Because I woke up one decade and discovered I was surrounded by steel and concrete.
Because they crawl down their lanes and parkways and alleys like rats and there is no piper to call them away, no puck to tease them with wandering lights, no monsters besides myself to make them shiver and shake in their synthetic shoes.
Because the way to my castle grows thick with briars, but every year they come closer to it with their strollers and frisbees, pressing against my glamours. I watch them, peering through my leaves, as they jog past in tight clothes dyed colors that have never existed in nature. I watch as they hold hands and kick balls. Their dogs sometimes smell me and whine or inch away, but more often the beasts don’t know I’m there. My scent used to ride on the wind, call out in storms and rumble with the trembling earth. At least the cats spread word of my being, and they come when the sun sets.
Because its petals were the same color as her hair.
Because I tried to leave my sanctuary, but found myself cut off from all escape by the iron running below the ground. Steel trains and tracks, tunnels with pipes connecting the horrid dead buildings like a web of fire.
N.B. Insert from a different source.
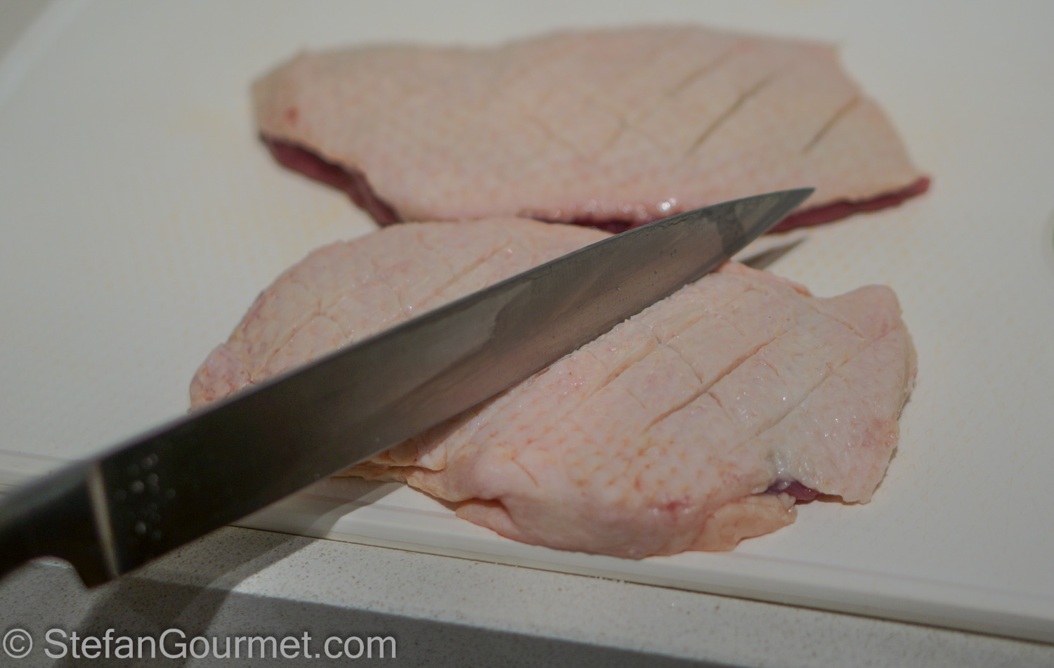 With a sharp knife, score the skin of the duck breast fillets in a diamon pattern. Try to avoid cutting into the meat, just the skin.
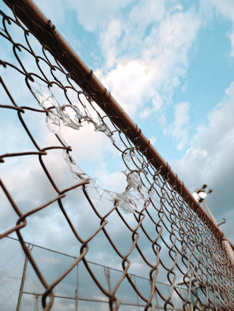 A chain link fence shows a gap with glass shards visible, set against a backdrop of clouds during the evening light near a sports area.

Because the boy pushed past thorns and thickets, leaving a trail of blood from the open park to my garden and he was so tired and pretty that when he collapsed against the birch trees I took pity on him and sent squirrels and sparrows to offer water, bread, and lend a blanket. They twittered and pinched his cheeks, waking him to press the cool bowl to his lips. His eyes were hollow and I saw how young he was, but how much he knew.
Because when he was refreshed he glanced around my crumbling castle and smiled. He scrubbed his filthy hands on equally filthy jeans and said, “Thank you.”
Because his gaze lit upon the velvet beauty of it, and he reached out with his grubby fingers and tore it from its stem.
Because when I reached for him and grabbed him by his neck my claws dug into his thin flesh and blood trickled onto his collar. He screamed and failed about, but I stood, hauling him into the air and away from my body so that all his kicking and punching came no nearer to me than I to the iron city. “Leyla!” he screamed.
Because he swore he’d only grabbed it because it was just like her, beautiful and red and tender, and he was alive and wanted to bring her something so she’d believe him about this garden. It was just like her.
Because I am alone, and do not wish to be so.
Because years of hating and watching have hardened my skin and made my hair coarse. My eyes are terrible and my fingers twisted. I have teeth like a lion, that cut my own mouth. Once beautiful features are blackened and cracked – wicked, sharp, untouchable. Once delicious voice, once pristine lips, once gentlest touch: now ruined, crumbling, destroyed by my iron cage and my iron heart.
Because he was afraid of me, but begged me to let him see her again.
Because I released him, gave him the rose, and told him to go and bring her here, so that I could see this girl whose beauty shone in his eyes.
Because she did not need my help to find the path to my castle, and because she looked upon me with fear trembling on her skin but said, “I owe you, tell me what you want.” Her hair was the shade of the petals, blood purple with scarlet at the tip, roots pale auburn like the thorns.